* [THE TASK] For this exercise, the lines from the one with "A9007217 DATEC-COMPACT L" through the end of the material below must be output exactly, without pictures.

* [EXTRACTED MATERIAL]

________________

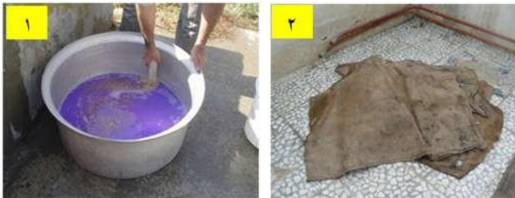
شکل ۲- مراحل ضد عفونی بذر و کاشت در خزانه

مرحله ۱- خیساندن بذر در محلول قارچکش، مرحله ۲- نگهداری بذر ضد عفونی شده در گرمخانه برای جوانه زنی
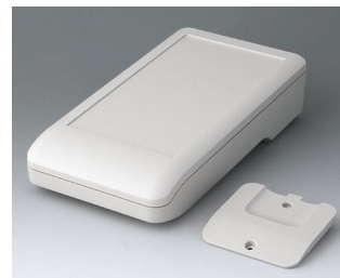
A9007217 DATEC-COMPACT L ASA+PC (UL 94 V-0) grauweiß RAL 9002 206x110x47mm IP 41
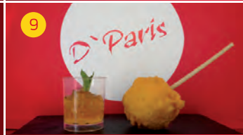
9 D`Paris PLZ. COLÓN, 7 Tapa: PIRULETA EN TEMPURA DE GARBANZO Y CARNE MECHADA CON CHUPITO DE CONSOMÉ GUILLÉ
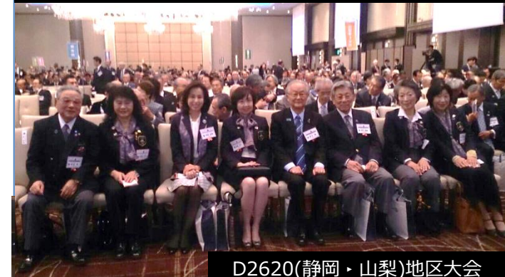
D2620(静岡・山梨)地区大会
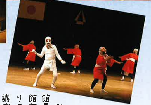
▲ ひょっとこ踊り 美浜同好会
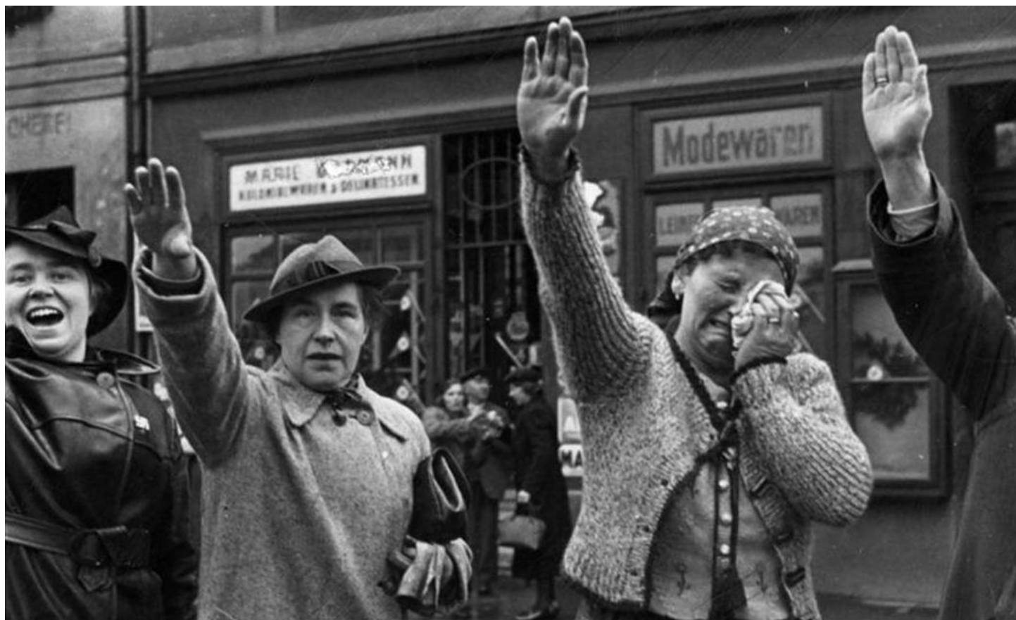
Sudetské Němky vítají v Chebu hajlováním Adolfa Hitlera.
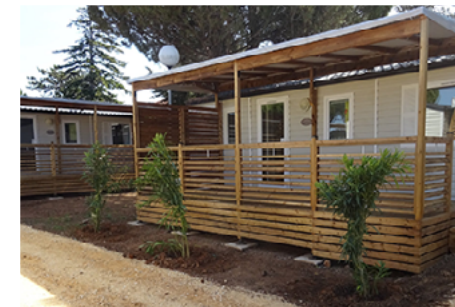
Camping Le Rayolet - Six-Fours-les-Plages

Pour plus d'informations sur les conditions d'accueil, nous consulter.
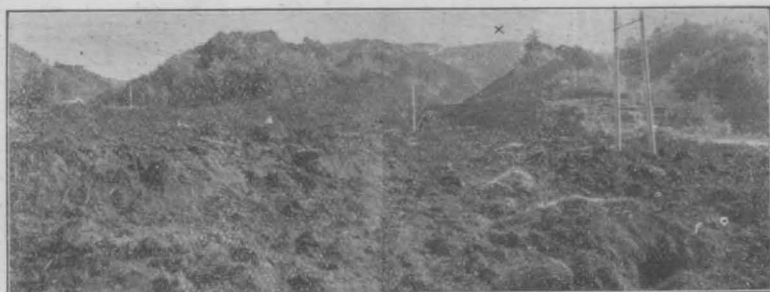
下狩野村梶山の津浪を西南より望む(×片瀬山)
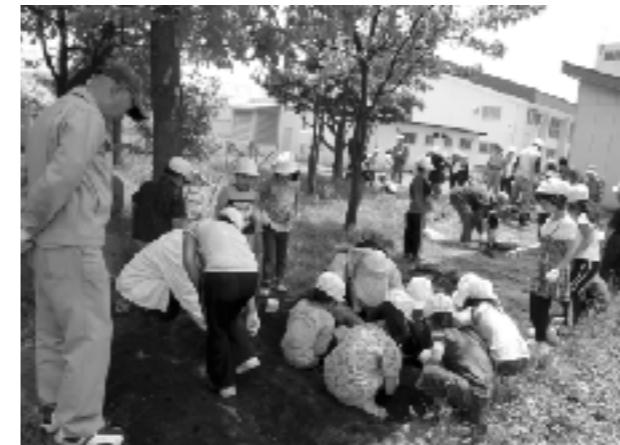
教材園で種植え指導
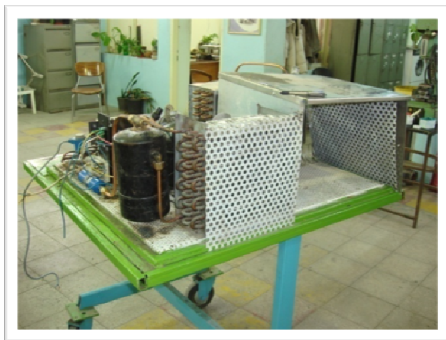
پروژه دستگاه سردکننده خانگی، اجرا شده توسط کارآموزان

________________

* [FINISHED TASK]
A9007217 DATEC-COMPACT L ASA+PC (UL 94 V-0) grauweiß RAL 9002 206x110x47mm IP 41
9 D`Paris PLZ. COLÓN, 7 Tapa: PIRULETA EN TEMPURA DE GARBANZO Y CARNE MECHADA CON CHUPITO DE CONSOMÉ GUILLÉ
D2620(静岡・山梨)地区大会
▲ ひょっとこ踊り 美浜同好会
Sudetské Němky vítají v Chebu hajlováním Adolfa Hitlera.
Camping Le Rayolet - Six-Fours-les-Plages

Pour plus d'informations sur les conditions d'accueil, nous consulter.
下狩野村梶山の津浪を西南より望む(×片瀬山)
教材園で種植え指導
پروژه دستگاه سردکننده خانگی، اجرا شده توسط کارآموزان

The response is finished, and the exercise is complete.